[JAKARTA] Indonesia is preparing a major overhaul of financial safety regulations to guard against the potential for bank collapses.
Regulators are working on a list of systemically important banks, likely to include the country's top 15 by assets, and parliament may pass a law this year setting out rules for bailouts, said Fauzi Ichsan, who heads the Indonesia Deposit Insurance Corp. The agency guarantees bank deposits and would take over any lenders in the event of a failure.
Indonesian banks including biggest lenders PT Bank Central Asia and PT Bank Rakyat Indonesia are facing slower loan growth and a weakening economy at a time when the Federal Reserve is preparing to lift US interest rates, a move that has the potential to create more disruption in emerging markets. The rupiah has already fallen sharply, trading around 14,400 to the dollar, and is Asia's second-worst performing currency this year. The market volatility has a bright side for Indonesia in that it helps moves to shore up the country's banking system, Mr Ichsan said in an interview in Jakarta on Tuesday.
"Many of us are happy there is market turbulence, it forces parliament to focus on it," said Ichsan, formerly an economist at Standard Chartered in Jakarta. "They tend to agree with us that we need a stronger legal foundation for future bankruptcy." The Indonesian banks on the systemically-important list could face higher deposit-insurance premiums and additional capital buffers, he said. The banking industry's capital adequacy ratio of 20 per cent and non-performing loan ratio of 2.6 per cent are both better than during the global credit crisis, and no lenders are currently being considered as failing, he said.
"This is not a crisis, it's turbulence," he said in an interview at his office near Jakarta's stock exchange, where a copy of "Stress Test", an account of dealing with the financial crisis by former US treasury secretary Timothy Geithner, lay on the table.
The plan to identify the nation's most important lenders is in step with an international effort led by the Basel Committee on Banking Supervision and the Financial Stability Board, which have designed a broad framework for banks deemed too big to fail at both global and domestic levels in the aftermath of the 2008 global financial crisis.
Some Indonesian banks have been hit by a weakening commodity industry, yet that is unlikely to create a system wide banking crisis, he said.
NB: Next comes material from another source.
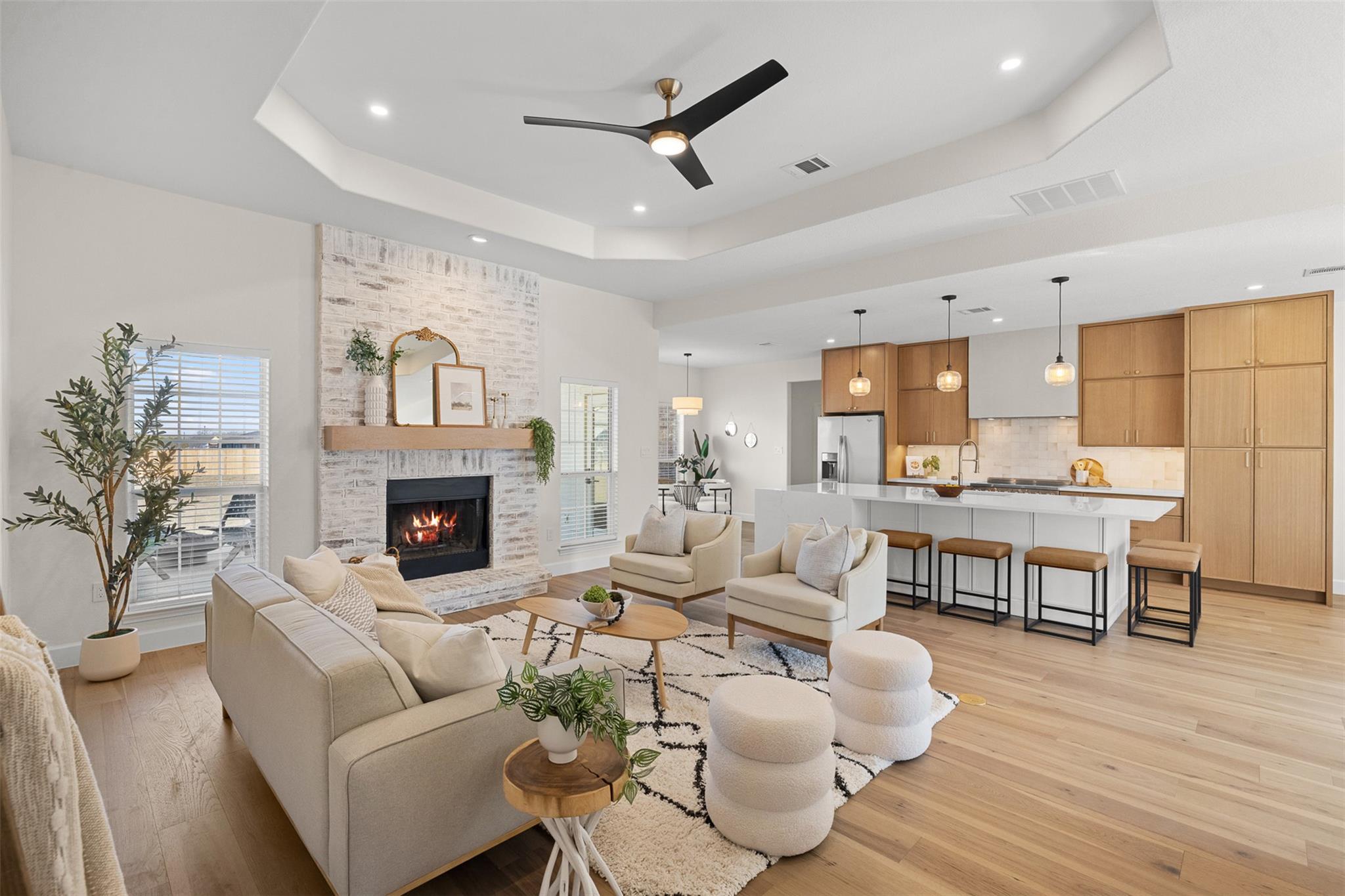 Agent/Owner. This unique property is located in the exclusive gated Gabriel's Overlook community, with a comprehensive luxury focused renovation completed in 2025, offering a level of sophistication that is unmatched. Refined elegance flows throughout with hickory hardwood floors, a craftsman entry door, and Portella plaster accents. The custom gourmet kitchen offers white oak cabinets, professional appliances, two-sided seating island. Luxurious primary bath features a frameless glass shower, freestanding tub, and a custom white oak double vanity. Even the large laundry room is upgraded with custom cabinets, a deep stainless steel sink, and an extra refridgerator. The property sits on an incredible, private & expansive acreage lot defined by mature oak trees and a newly fenced backyard. Gabriels Overlook features direct access to the San Gabriel River and a serene park like views. This beautifully renewed, well-appointed home is ready for its first occupants since its dramatic transformation.

The risk for Indonesia's lenders could escalate if economic growth slips further and the rupiah slump deteriorates, Ichsan said.
"If GDP growth falls below 4 per cent that would be alarming," as well as if the rupiah hits 16,000 against the dollar, he said. "It would eat up capital through loan provisions and write offs." Bank Collapse The deposit insurance agency has 60 trillion rupiah (S$5.8 billion) in assets, enough to cover two commercial bank collapses, according to the organization's stress tests.
"More than two banks would be challenging," said Mr Ichsan, adding he would like to have double the current level of assets.
The financial safety net bill, which parliament started discussing last month after approval by President Joko Widodo, will set out the process for dealing with a financial crisis and detail the requirements for banks to get bailouts.
After the 2008 financial crisis, an investigation into a US$573 million government bailout of Bank Century led to a jail sentence for former Bank Indonesia deputy governor Budi Mulya. A court ruled last year that the central bank acted corruptly when it said that a Bank Century failure would pose a systemic risk and changed a short-term financing rule to allow it to get a bailout.
The country's parliament voted in 2010 for a criminal probe of then-vice president Boediono and then-Finance Minister Sri Mulyani Indrawati over the bailout. Neither were implicated in wrongdoing, with Mr Indrawati leaving the government for the World Bank.
Regulators have learned lessons including the need to list systemically important banks before any crisis hits, Mr Ichsan said. The list could be expanded to 20, he said. Financial regulators are also pushing to consolidate the country's 118 lenders.